This shift is being driven by Indian airlines increasingly cashing in on the post-pandemic spending shift boosting international leisure travel. In order to cater to this growing market, the airlines are adding several new destinations and deploying more aircraft on international routes.

According to data from rating agency Crisil Ratings, the share of Indian airlines in international passenger traffic originating from, terminating in, or transiting through India was around 43 percent in 2023-24, when the country’s international passenger traffic grew to around 70 million passengers.

This share, however, was stagnant at less than 35 percent pre-pandemic, picking up pace now as Indian carriers deploy more aircraft on international routes, boosted by ambition and ability among citizens to travel to foreign destinations.

“The share of Indian airlines, which was rising steadily earlier, picked up pace since the pandemic,” Manish Gupta, senior director and deputy chief ratings officer, crisil ratings, told ThePrint.

Gupta added that this was due to faster international expansion by the Indian airlines as evident from their addition of 49 new international routes during FY24, including long-haul flights. These included direct flights originating from additional cities in India to popular long-haul destinations in the United States, Europe and Australia, effectively reducing flying time and eliminating layovers.

“This led to Indian airlines capturing a larger pie of the growth in international passenger traffic, resulting in their share rising to 43 percent in FY24,” he said. 

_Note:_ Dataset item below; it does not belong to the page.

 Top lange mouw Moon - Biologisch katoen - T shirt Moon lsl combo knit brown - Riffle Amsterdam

The share of Indian airlines in international traffic stood at 33 percent in 2015-16 when the passenger traffic was 55 million, growing only marginally in four years to 34 percent in 2019-20 when the international passenger traffic stood at 67 million. However, this pace is expected to pick up, and this share is forecast to increase to 50 percent by 2027-28, when the country’s international passenger traffic is expected to rise to 100-110 million passengers, according to Crisil Ratings.

Suprio Banerjee, vice president & sector head, corporate ratings, ICRA Limited, said that the rise in share of Indian carriers in international traffic has been driven by increasing deployment of aircraft by Indian carriers on international routes and the addition of new foreign destinations, supported by aspiration as well as affordability to fly abroad.

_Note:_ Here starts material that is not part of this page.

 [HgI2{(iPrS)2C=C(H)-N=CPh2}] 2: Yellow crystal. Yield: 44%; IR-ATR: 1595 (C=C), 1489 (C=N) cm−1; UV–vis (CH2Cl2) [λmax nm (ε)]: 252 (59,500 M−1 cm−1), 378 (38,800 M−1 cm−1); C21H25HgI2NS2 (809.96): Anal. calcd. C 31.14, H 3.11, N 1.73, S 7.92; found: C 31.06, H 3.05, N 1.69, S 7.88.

Gupta, too, said there has been a noticeable shift in spending patterns since after the pandemic as is evident in the increasing inclination of Indians towards international leisure travel. “Increasing disposable incomes, easing visa requirements, growing number of airports and enhanced air travel connectivity are boosting international travel,” he said.

He added that the government’s focus on making India a hub for tourism was expected to provide a fillip to inbound traffic. Hence, international passenger traffic is likely to clock a compound annual growth rate of 10-11 percent over the next four fiscal years, against a mere 5 percent CAGR in the four years prior to the pandemic.

Purchasing aircraft, adding destinations

Currently, of the total international passenger traffic handled by Indian carriers, Air India has a majority share. Banerjee said that the airline’s share stood at around 29 percent in FY 2024. According to Air India’s website, it flies to 79 international destinations, including 59 non-stop routes, making it the largest international network in the country.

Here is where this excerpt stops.